Could a nasal shot of hormones make a person more compassionate and less socially awkward? That’s the thinking behind new research from scientists at the Mt. Sinai School of Medicine in New York. Psychiatrist Eric Hollander and psychologist Jennifer Bartz found that inhaling oxytocin, a hormone that occurs naturally in the body, could alleviate the more debilitating symptoms of autism: an inability to recognize emotion, a failure to connect with the world, and a tendency toward repetitive, obsessive behaviors. Children with autism have low blood levels of oxytocin, which could explain their poor social skills. The work could help not only the one in 150 children afflicted by the illness in the U.S. but also perhaps the millions of people who suffer from social phobias.

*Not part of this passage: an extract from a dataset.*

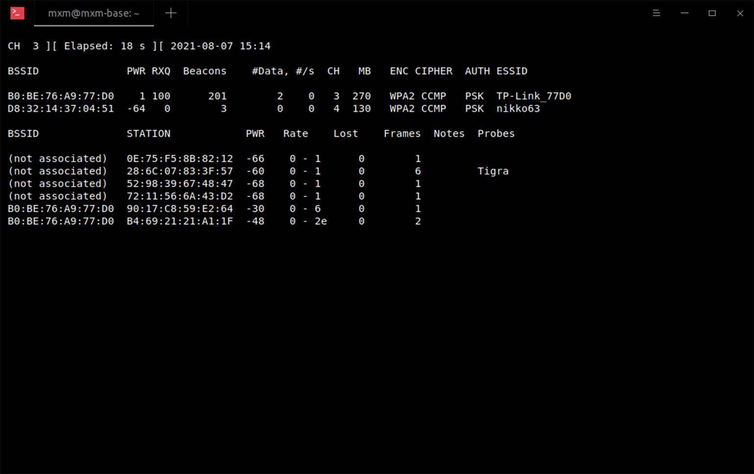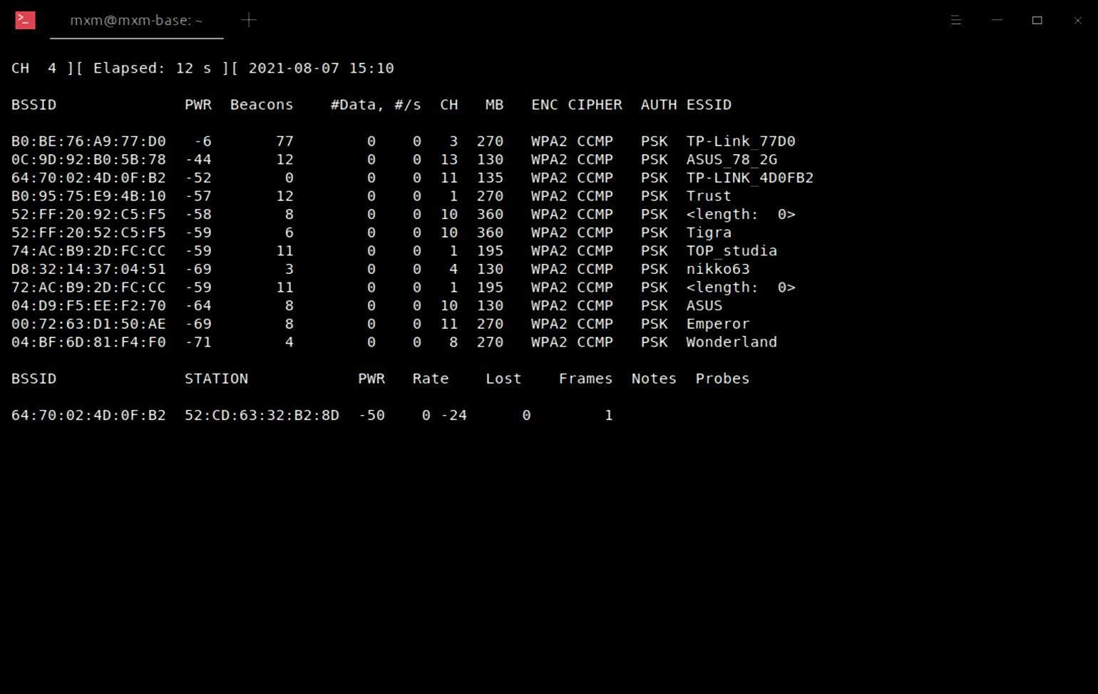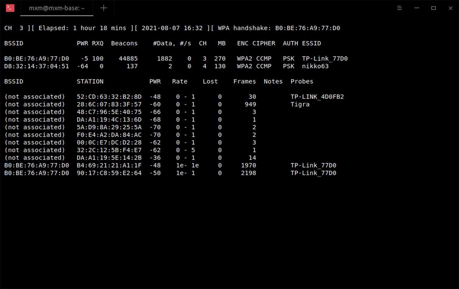 Сверху у нас подробная таблица с точками доступа, а внизу — клиенты. Наша сеть — TP-Link_77D0, из таблицы узнаём её BSSID и CH-канал.

Bartz and Hollander’s research is one of several recent inroads to understanding the role of oxytocin in emotional transactions. In pregnant women, the hormone circulates widely throughout the body, producing contractions in the uterus and stimulating milk production. Researchers have long theorized that it may also play a role in emotional development and bonding.
The hormone’s ability to enhance social attachment is best documented in mouse-like rodents called voles. In 1994, Emory University scientist Larry Young found that antisocial montane voles are unable to process oxytocin in brain regions associated with social bonding, unlike their more agreeable cousins, prairie voles. But when Young blocked prairie voles’ oxytocin receptors, they became as unfriendly and socially withdrawn as montane voles.

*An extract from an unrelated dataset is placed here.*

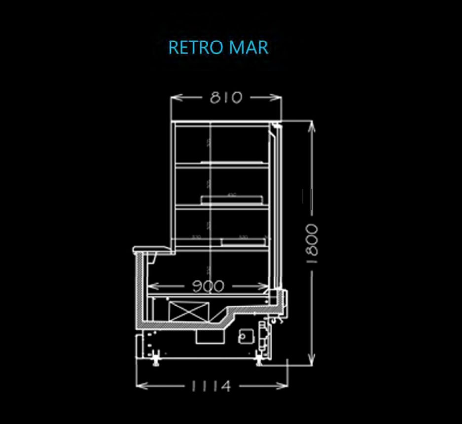 - Side panel with glass- T8 led ligth under the shelves L= 1250mm

His work has provided the framework for human studies. Gregor Domes, a psychiatrist at the University of Rostock in Germany led a study in which he gave synthetic oxytocin to healthy men without autism and then showed them pictures of people whose faces were blocked out except for their eyes. Study participants on oxytocin were able to recognize emotion by studying the eyes, performing the task much better than men given a placebo. Next, Domes plans to determine if the hormone produces a similar effect in autistic patients.

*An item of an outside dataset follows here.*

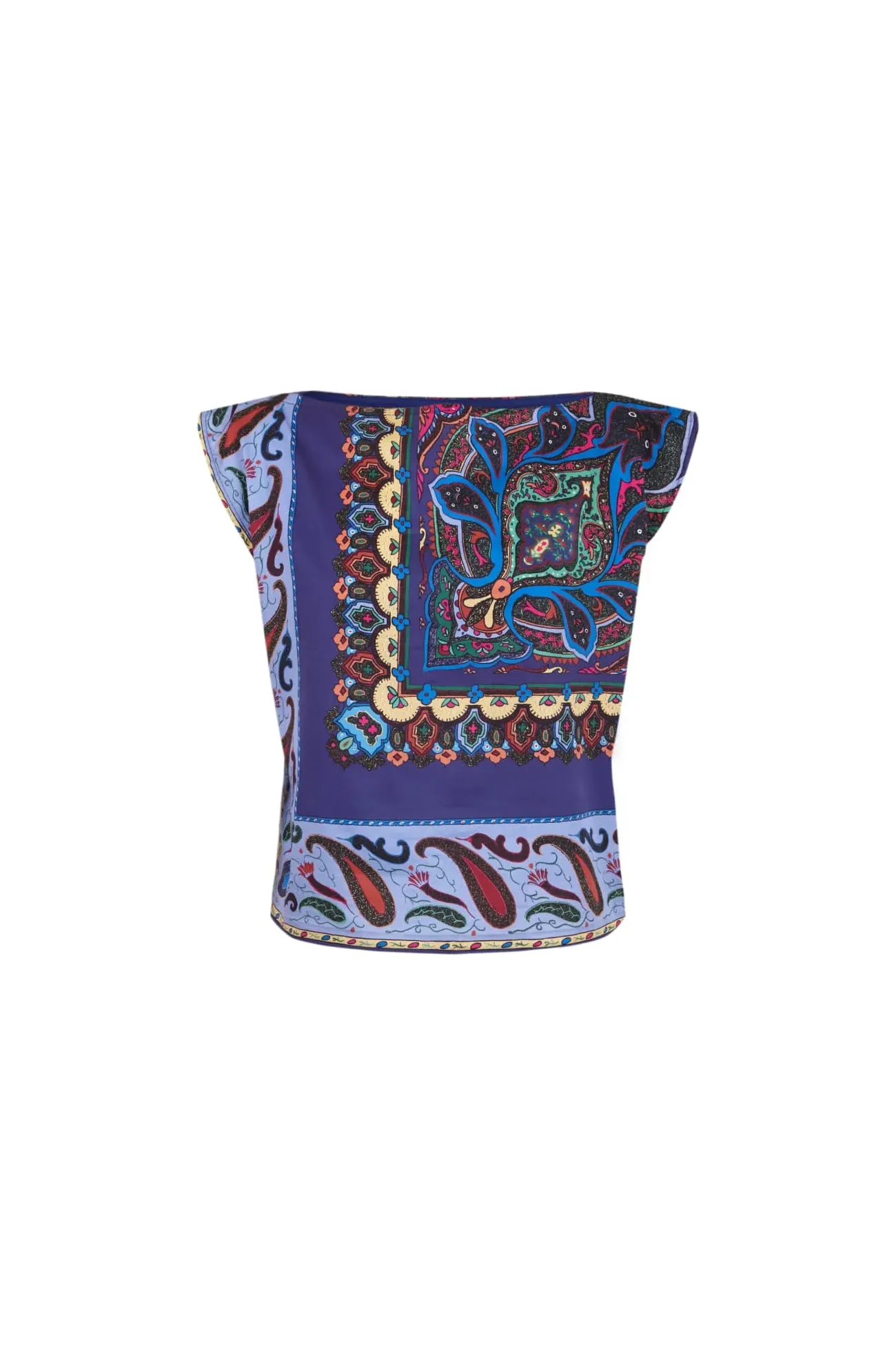 Top de algodón estampado con motivo inspirado en los tradicionales pañuelos de cashmere hecho en colaboración con el artista Garikoitz C. Murua.

The days of prescription empathy, however, are still several years away. For one thing, researchers need to compile more safety data and test the hormone in children, who would most benefit from early intervention. For the Mt. Sinai team, the next step is to enroll 20 patients in a six-week trial, with the goal of publishing results in two years. If that study is successful, a much larger one will follow. “Right now,” Young says, “we are only seeing the tip-of-the-iceberg effects of oxytocin. It’s a very exciting possibility.”